> What you need to do:
Please give the lines below again exactly as they stand, from the one that contains "A CONTEMPORARY CHROME" up to and including the one that contains "Женщина в серебристом жакете", leaving all pictures out.

[Records drawn from a dataset]
=== Begin Enclosure ===
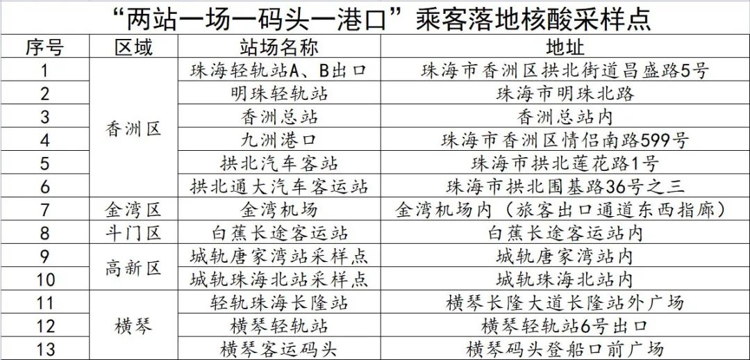 为进一步巩固我市得来不易的疫情防控稳定形势,我市将强化核酸检测筛查措施,国内中高风险地区所在地市来珠海人员,以及有阳性病例报告的地区所在地市来珠海人员,需持48小时内核酸检测阴性证明,同时接受落地核酸检测,采样完成即可离开。
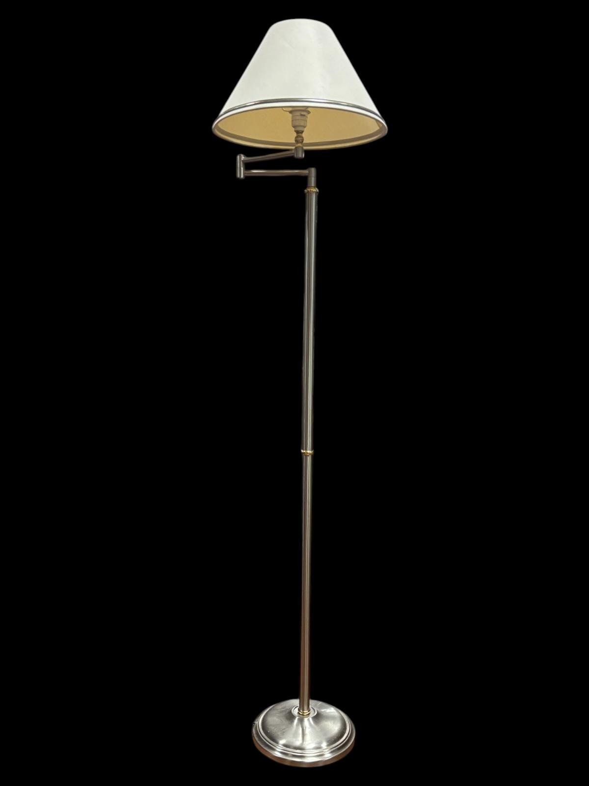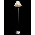A CONTEMPORARY CHROME FLOOR STANDARD LAMP with adjustable arm and shade raised on a circular foot 157cm (h)
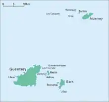 The Bailiwick of Guernsey – British Crown dependency located in the Channel Islands off the coast of Normandy.[1]
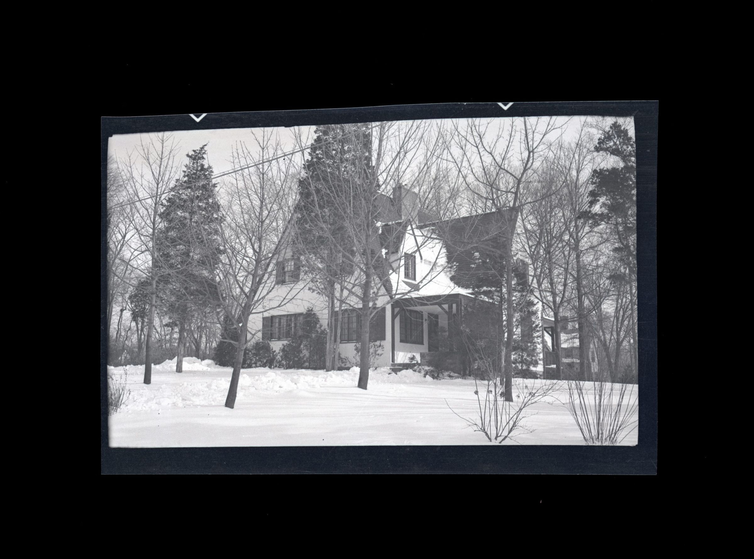 A two story house in the snow.
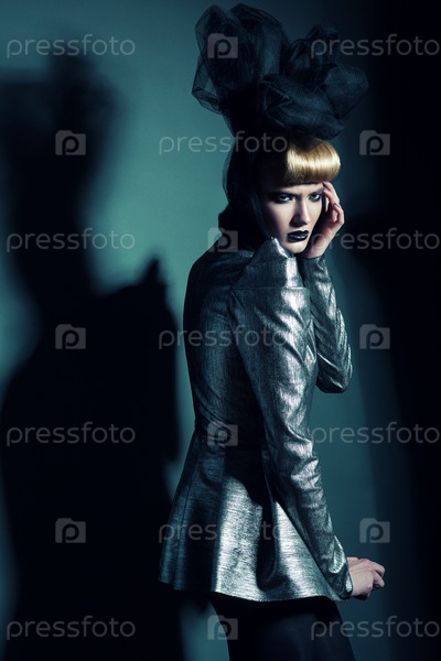 Женщина в серебристом жакете
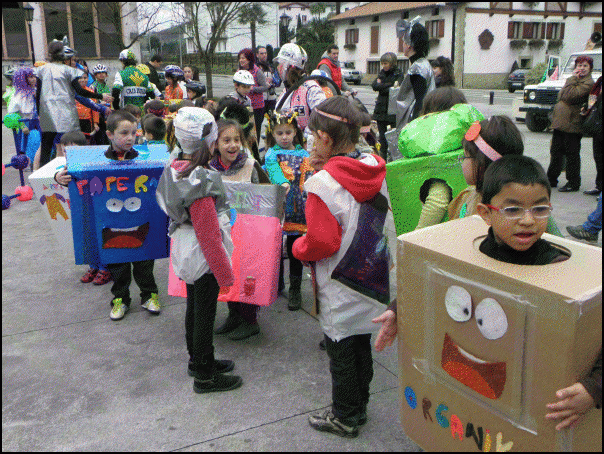 Itsasondoko Herri Eskolan 14:30ean eman diote hasiera mozorroen ibilaldiari. Azkenean, guztiak eskolako patioan bildu dira. Era guztietako mozorroak nahastu dira bertan, superheroiak, hondakinak botatzeko kontenedoreak eta ijituak edo buhameak ere bertan izan dira.
=== End Enclosure ===
> Result of the exercise:
A CONTEMPORARY CHROME FLOOR STANDARD LAMP with adjustable arm and shade raised on a circular foot 157cm (h)
 The Bailiwick of Guernsey – British Crown dependency located in the Channel Islands off the coast of Normandy.[1]
 A two story house in the snow.
 Женщина в серебристом жакете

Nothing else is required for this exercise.